Наконец, он прибыл в Венецию на этот раз не для того, чтобы учиться у других, а чтобы реализовать свой собственный талант. Немецкая среда, в которой происходила его эволюция, изолировала его от Венеции. Он жил теперь на берегу Адриатики почти так же, как будто он не покидал Нюрнберга. Его соотечественники, почитающие его славу, отпраздновали его прибытие, завладели им и завалили его заказами. Они были горды иметь в своих рядах наиболее выдающегося немецкого художника, а так как эмигранты быстро создают вокруг себя атмосферу родины, которую они покинули, Дюрер чувствовал себя как в Аугсбурге, обнаружив во дворце Фуггеров и в немецком подворье те же идеи, те же обычаи и традиции, ту же манеру вести себя и мыслить, что и в самой Германии.
Слава зачастую является тяжким грузом. Десять лет назад Дюрер прибыл в Венецию одним из многих молодых, никому не известных путешествующих подмастерьев. Если он иногда и страдал от одиночества, хотя это маловероятно, так как венецианцы гостеприимны и приветливы по отношению к иностранцам, то подобная изоляция позволяла ему оставаться самим собой, независимым, подчиняющимся только собственным побуждениям. Дюрер тогда еще не испил до дна чашу славы, не познал ее радостное опьянение, сладостное головокружение. Ему льстят расточающие похвалы соотечественники, его удручают венецианцы, которые недостаточно убеждены в его гениальности. Великий человек бессознательно расцветает в среде, где он действительно «великий», рискуя утратить самое драгоценное — личные свободы.
Дюрер больше уже не ведет богемный образ жизни, не бродит из одной мастерской в другую в угоду собственной фантазии и не делает зарисовки на улицах, когда его охватывает подобное желание. Теперь он комфортабельно устроился в прекрасном дворце, предоставленном ему Фуггером. Патриции из немецкой колонии просят написать их портреты; кроме того, как владельцы церквей, наряду с конторами, магазинами и школами, они заказывают Дюреру несколько произведений на религиозные мотивы для украшения собственных часовен. Поэтому, даже если бы Дюрер и заинтересовался работой других, у него просто не было для этого времени; его собственная работа поглощала его настолько, что он не мог позволить себе удовольствия познакомиться с работами других художников. Возможно, это было даже лучше для него самого, так как настал момент, когда все, чему он научился в предыдущие годы, должно было сконцентрироваться в немедленном выражении его собственной индивидуальности. Не удивительно, что во время работы в немецкой среде, для немцев, в нем «расцветали» качества, присущие немцам. В лучших немецких традициях написана алтарная картина Праздник четок для церкви Святого Варфоломея, которая была немецкой приходской церковью. Незначительные итальянские детали, появившиеся на картине, нисколько не меняют глубоко национальный характер картины. Старая архитектура алтаря исчезла; персонажи, которые раньше выстраивались на створках алтаря, святые или дарители, сгруппированы здесь вокруг Мадонны в единой композиции, где скопление фигур создает впечатление плотной толпы, как в церкви в дни великих праздников. Бесполезно искать здесь воздушное и гармоничное расположение, присущее Джованни Беллини. Даже пейзаж здесь нордический и краски, насколько можно судить, несмотря на повреждения и неоднократную реставрацию, которая порой бывает хуже повреждений, сохранили что-то кричащее и агрессивное в своей яркости.

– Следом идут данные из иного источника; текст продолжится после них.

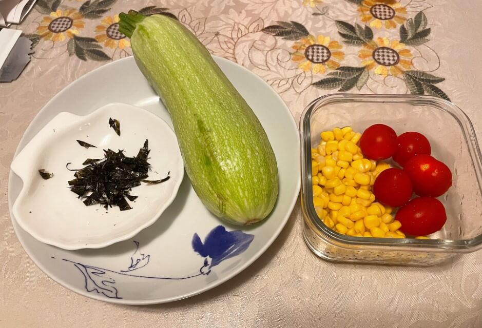5. 將粟米粒、車厘茄和紫菜碎放在瓜麪上。
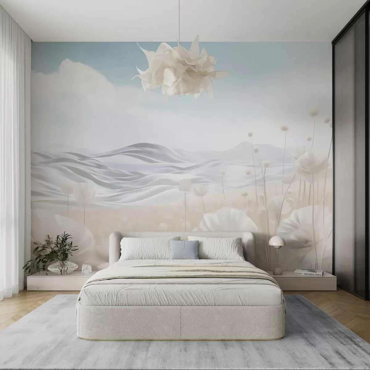 wall murals Textured field of creamy poppies with rolling hills under a pale blue sky with soft clouds, pastel colors w09553

По сравнению с тем, что создавалось до сих пор немецкой школой живописи, эта картина отличается мощным модернизмом: это прежде всего интенсивный романтизм в патетическом выражении лиц, драматическая жизненность пейзажа, которая позволяет уже думать о Людвиге Рихтере и Каспаре Давиде Фридрихе, высокая и пронзительная тональность хроматизма. Между Алтарем Паумгартнера и Праздником четок — целая пропасть: пропасть, которую Дюрер преодолел одним махом; он и себя изобразил на картине, причем настолько отлично от всех предыдущих портретов, что начинаешь сомневаться — тот ли это человек, если бы не длинная волнистая шевелюра, являющаяся единственным элементом, общим для портрета в Мюнхене и этого.
Впервые после автопортрета, который он нарисовал в тринадцать лет, обнаруживаешь орлиный взгляд, который выдает глубокую внутреннюю жизнь индивидуума. Этот взгляд обращен на нас с пылкой свирепостью, он завладевает душой зрителя, как будто она принадлежит ему, и никто не имеет права ему отказать. Это больше не Дюрер предыдущих портретов, которые были более или менее искусственные. Если хотя бы раз в жизни художник может исповедаться в своих страстях и тревогах без маски, без бахвальства или утаивания, я думаю, что Дюрер сделал это именно здесь. Этот автопортрет приобретает такую значимость, что хочется пренебречь формальной красотой и психологической глубиной других портретов, как, например, императора Максимилиана или папы Юлия II, портретами Фуггеров, купцов и принцев, которые добавляют этой святой сцене элемент человеческой правды, объективности, где проявляется несравненным способом реальное чувство присутствия.